Work order: From the material below, return exactly the lines starting at the one that holds "Carte Postale Cute" and ending at the one that holds "领学人孙佳雯在诵读《习近平新". Pictures stay out of the answer.

Data for analysis:
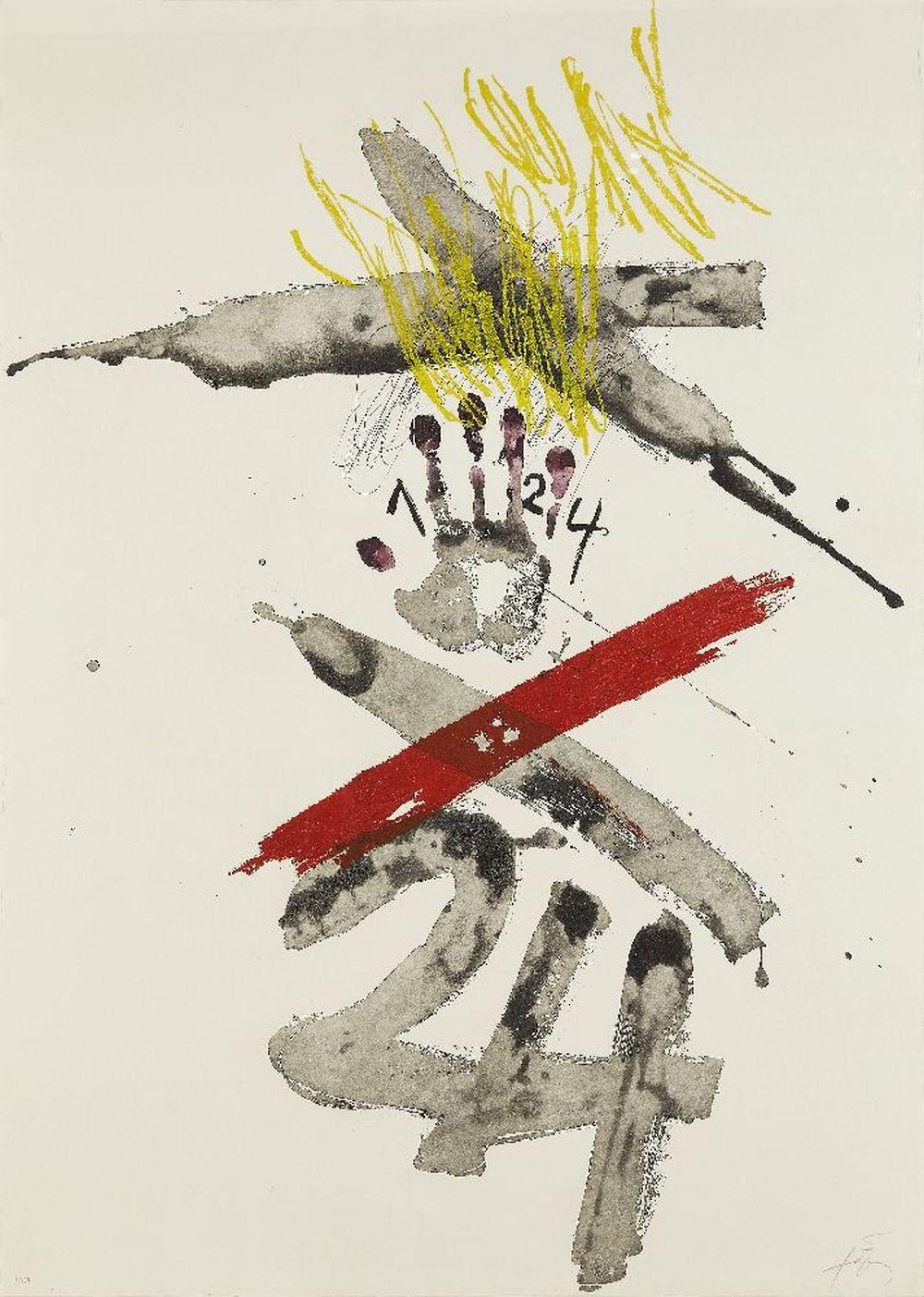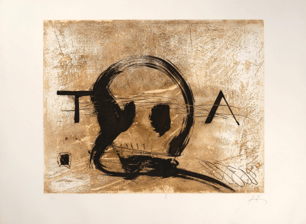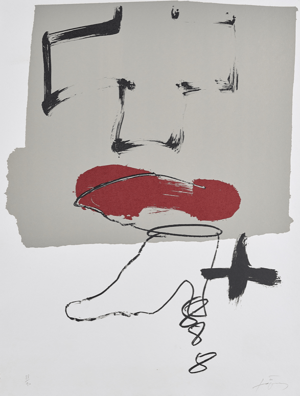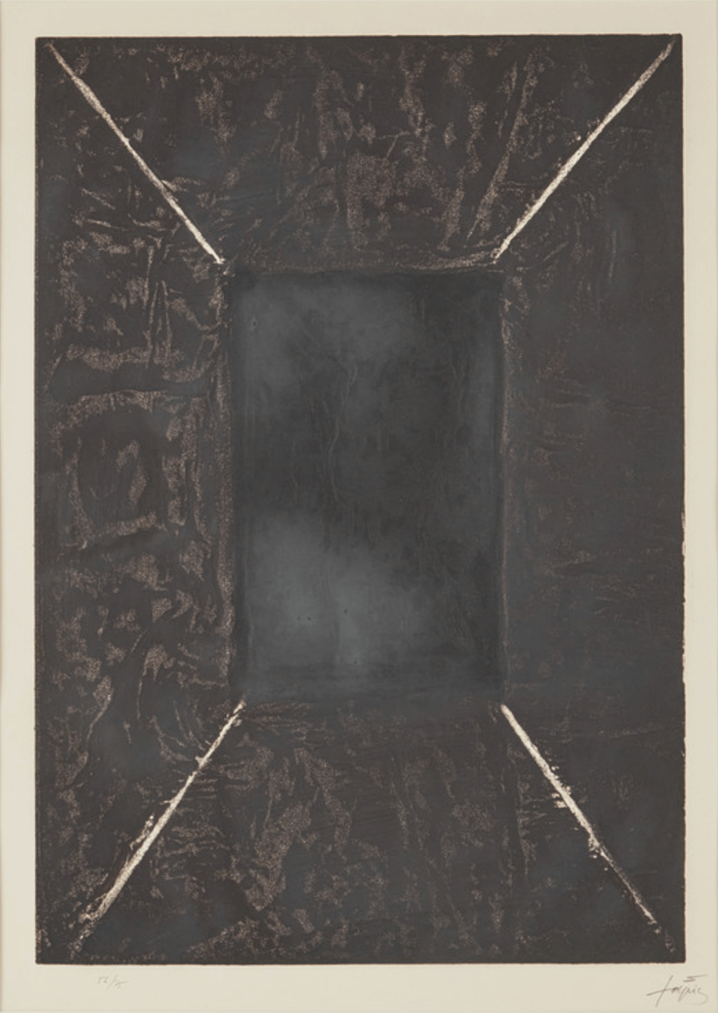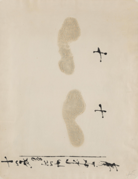 Paral·lelament a la producció pictòrica i objectual, Tàpies ha anat desenvolupant des de 1947 una activitat intensa en el camp de l’obra gràfica. En aquest sentit convé destacar que l’artista ha realitzat un gran nombre de llibres de bibliòfil i carpetes en estreta col·laboració amb poetes i escriptors com Alberti, Bonnefoy, Du Bouchet, Brodsky, Brossa, Daive, Dupin, Foix, Frémon, Gimferrer, Guillén, Jabès, Mestres Quadreny, Mitscherlich, Paz, Saramago, Takiguchi, Ullán, Valente i Zambrano, entre d’altres.
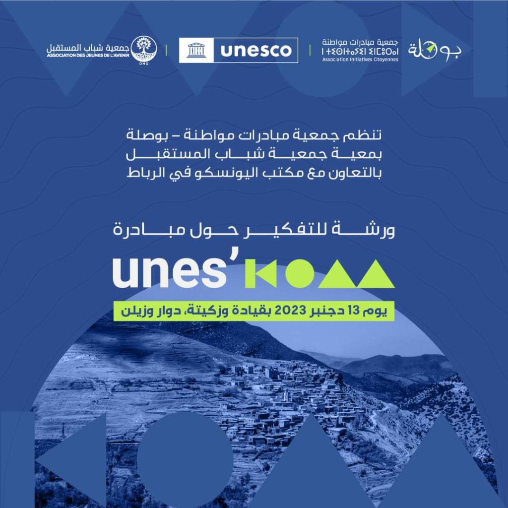 وتنظم هذه الورشة جمعية مبادرات مواطنة – بوصلة بشراكة مع جمعية شباب المستقبل، وبالتعاون مع مكتب اليونسكو بالرباط، حول موضوع “انواع المعلومات والمواضيع التي تحتاج لها عملية دعم السياسات العمومية الخاص بالإعمار ” وذلك في إطار مبادرة unes’KOM .
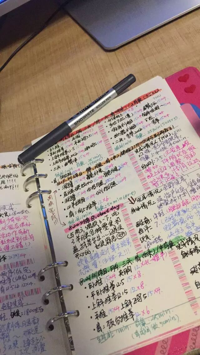 从最简单的跑步,到逐渐深入健身房的器械运动,“兔妈”都会用本子记录下自己的每一点进步和每天的健身安排 ▼
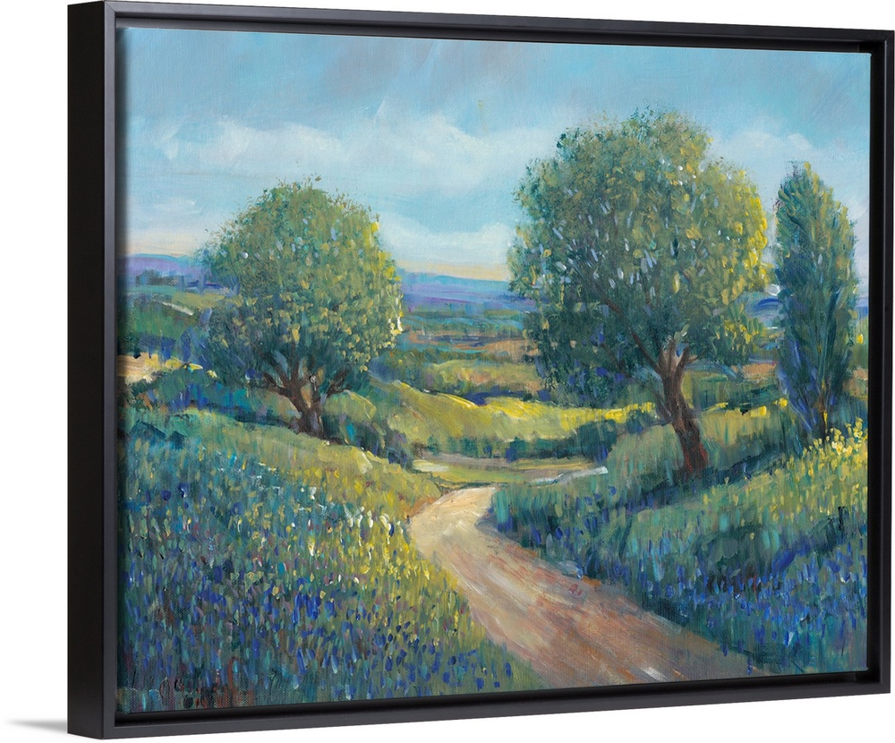<p>Contemporary landscape painting of trees along a dirt path in the countryside.</p>
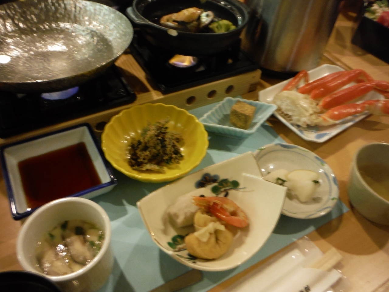 団体ツアーで飛騨高山で昼食。山の上のレストランに行きました。同じような大型バスが何台か並んでいました。長テーブルに向い合せに座り、狭苦しく雰囲気はあまり良くなかったですが私はそこそこ美味しく食べられました。飛騨牛のすき焼きは固形燃料で卓上で煮て食べました。
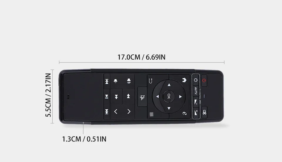 - Diseño multifuncional: Combina un control remoto, un teclado y un mouse en un solo dispositivo compacto.
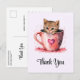 Carte Postale Cute Kitten dans un Teacup avec Merci de coeur
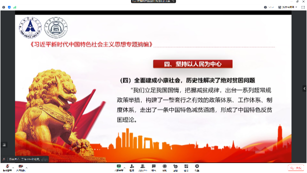 领学人孙佳雯在诵读《习近平新时代中国特色社会主义思想专题摘编》环节中,带领大家学习“坚持以人民为中心的发展思想”。她重点讲述了我国全面建成小康社会,历史性解决了绝对贫困问题的伟大成就,并从脱贫攻坚的经验出发,谈到自己的认识与感悟。
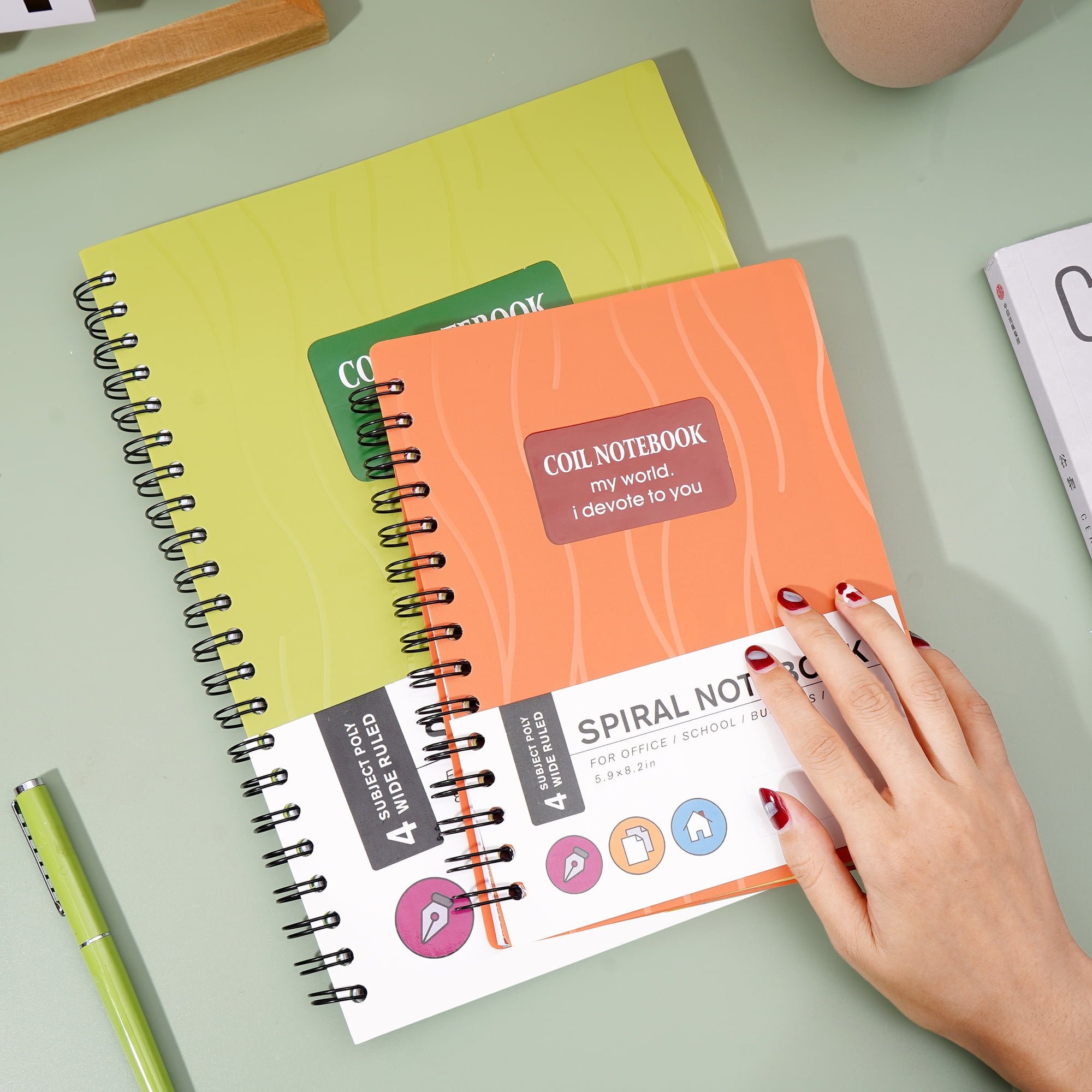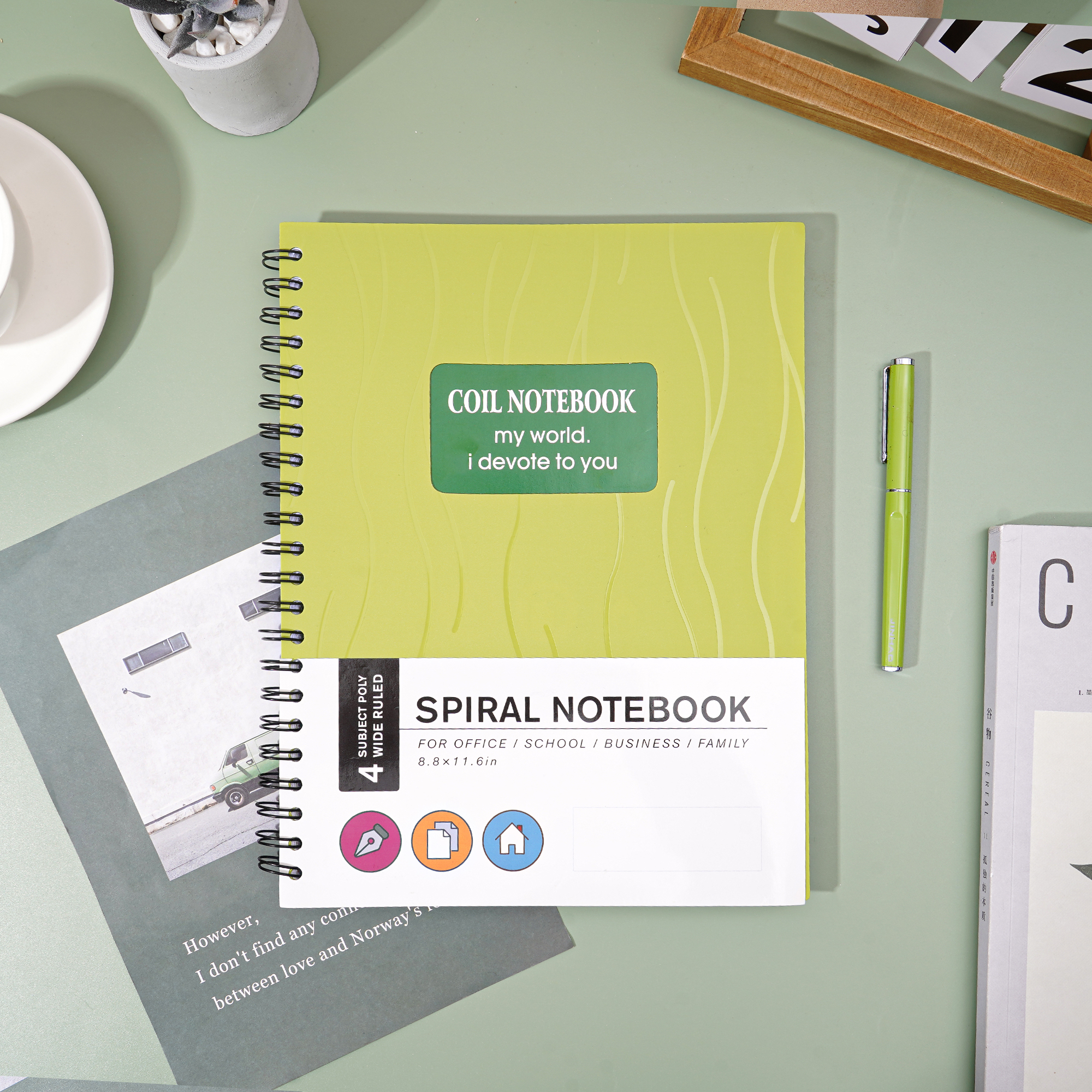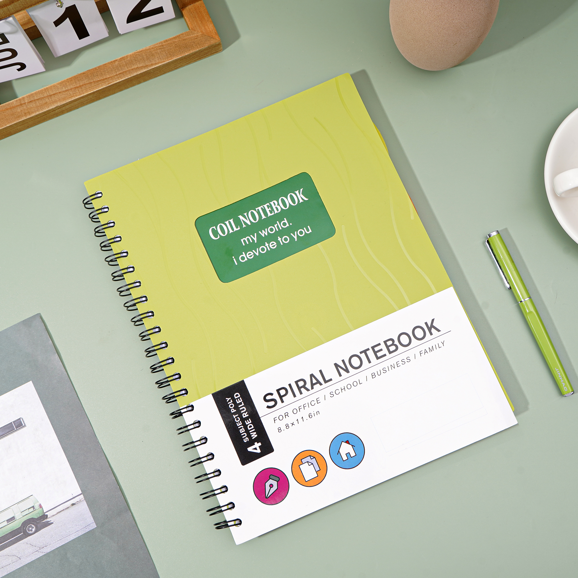 ☺5 SUBJECT NOTEBOOK: Paper size is 8.2” x 11”. Cover size is 8.8" x 11.6". Strong Twin-Wire BindingStrong double binding, so that the paper directly close together. 180° flat design for easy writing. 4 color segmentation to quickly reach specific parts. ☺THICK PP COVER:The cover of the 5 subject notebook is different from the paper materials of other spiral bound journal on the market. We use high-quality plastic materials, waterproof and durable, which can protect the inner pages to the greatest extent. ☺TWO SIZE: This 5 subject coil book is available in A4 and A5 sizes. A5 is portable, suitable for students and family daily records. The large a4 size can enough to organize your school assignments, your office worksheets, and business notes etc. ☺PREMIUM PAPER:Our subject notebook uses 120 sheets environmentally friendly acid-free paper, with soft colors and not glaring, No ghosting, suitable for different pens to write on. ☺GURANTEE:100% after-sale guarantee. If there are any problems with the purchase, please feel free to contact us, we will help to fix the problem.5 Subject Spiral Notebook with Dividers Wide Ruled 8.5"x 11" Hardcover Spiral Notebooks for Work Notebook with Tabs A4 Lined Notebook for College Students Writing Journal School Office Supplies, Green
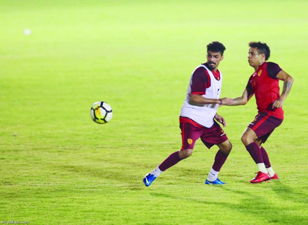 صورة التقطت لإلتون خوزيه وحسن العمري خلال تدريب القادسية المركز الإعلامي ـ القادسية)
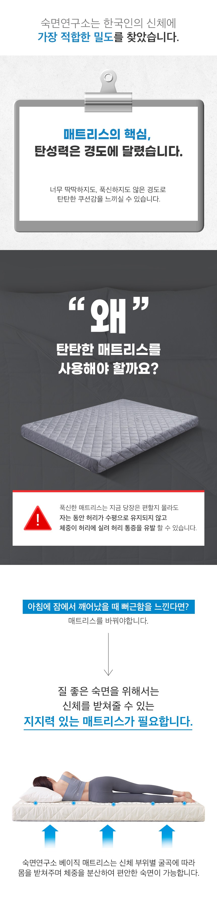| 품명 | 숙면연구소 베이직 탄탄한 마약매트리스 15cm 허리에좋은 원룸 바닥 단단한 수면매트 자취 침대 매트릭스 토퍼, 그레이, 멀티싱글 | KC 인증정보 | 해당없음 |
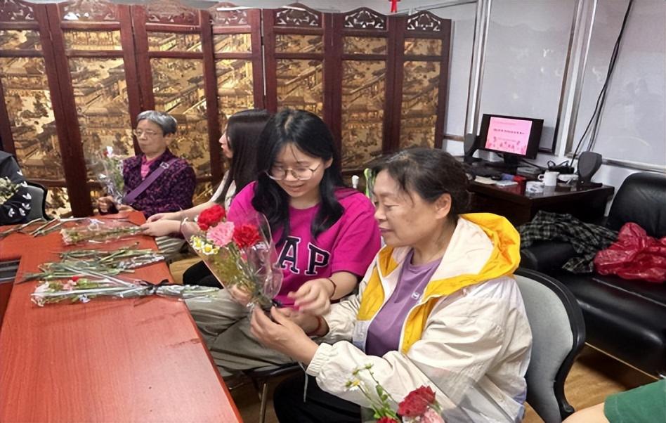 5月12日母亲节,2022级新闻学一班团支部积极参与舜岭社区开展的母亲节插花活动。在此过程中,花艺老师为大家科普了鲜花挑选、插花手法等基本的花艺知识,指导同学们与社区居民动手实践。经过专业的指导教学,同学们和社区居民共同制作出独具创意与美感的花艺作品。此次活动的顺利开展,不仅展现了同学们巧妙的动手能力,更彰显了同学们对所有母亲的敬意与感恩之情。
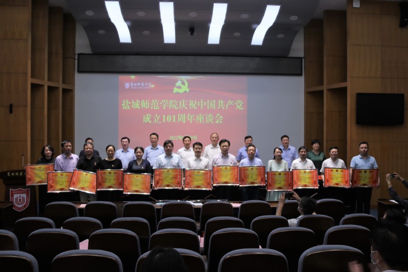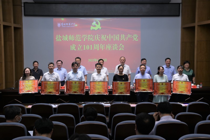 党委副书记于建江宣读了教育部办公厅关于公布第二批新时代高校党建示范创建和质量创优工作以及首批高校“双带头人”教师党支部书记工作室建设单位验收通过名单的通知,教育部办公厅关于公布第三批全国党建示范高校、标杆院系、样板支部培育创建单位名单的通知,省委教育工委关于新时代江苏高校三级党组织“强基创优”建设计划首批遴选结果的公示,2021年度高校“最佳党日活动”优胜奖评选结果公示,中共盐城师范学院委员会2021年度基层党建工作创新奖和最佳党日活动的先进集体的表彰决定。校领导为受表彰的单位和个人进行了颁奖。
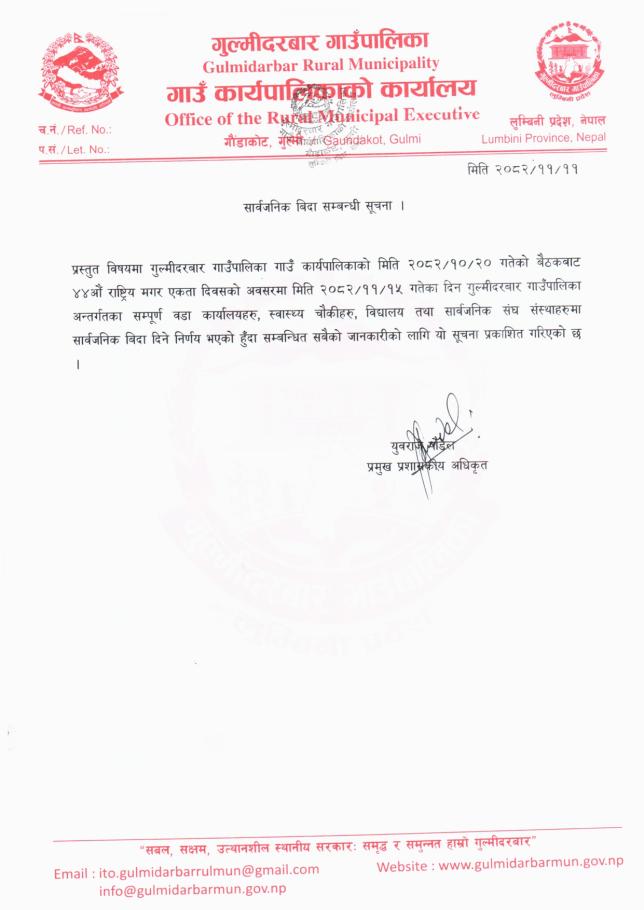 सार्वजनिक बिदा सम्बन्धी सूचना ।
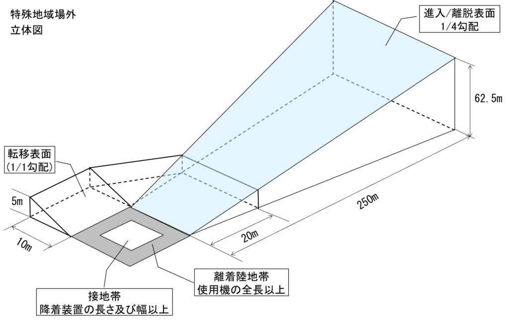 「仮想離着陸帯」といって、周辺障害物の状況によって必要に応じ最高15mまでの高さ=「空中」に離着陸帯(下図では破線で表示)を設定できるため、進入離脱表面が高いところに設定でき、そのおかげで周辺の障害物にとても「強い」のが特長です。

Task response:
 Carte Postale Cute Kitten dans un Teacup avec Merci de coeur
 领学人孙佳雯在诵读《习近平新时代中国特色社会主义思想专题摘编》环节中,带领大家学习“坚持以人民为中心的发展思想”。她重点讲述了我国全面建成小康社会,历史性解决了绝对贫困问题的伟大成就,并从脱贫攻坚的经验出发,谈到自己的认识与感悟。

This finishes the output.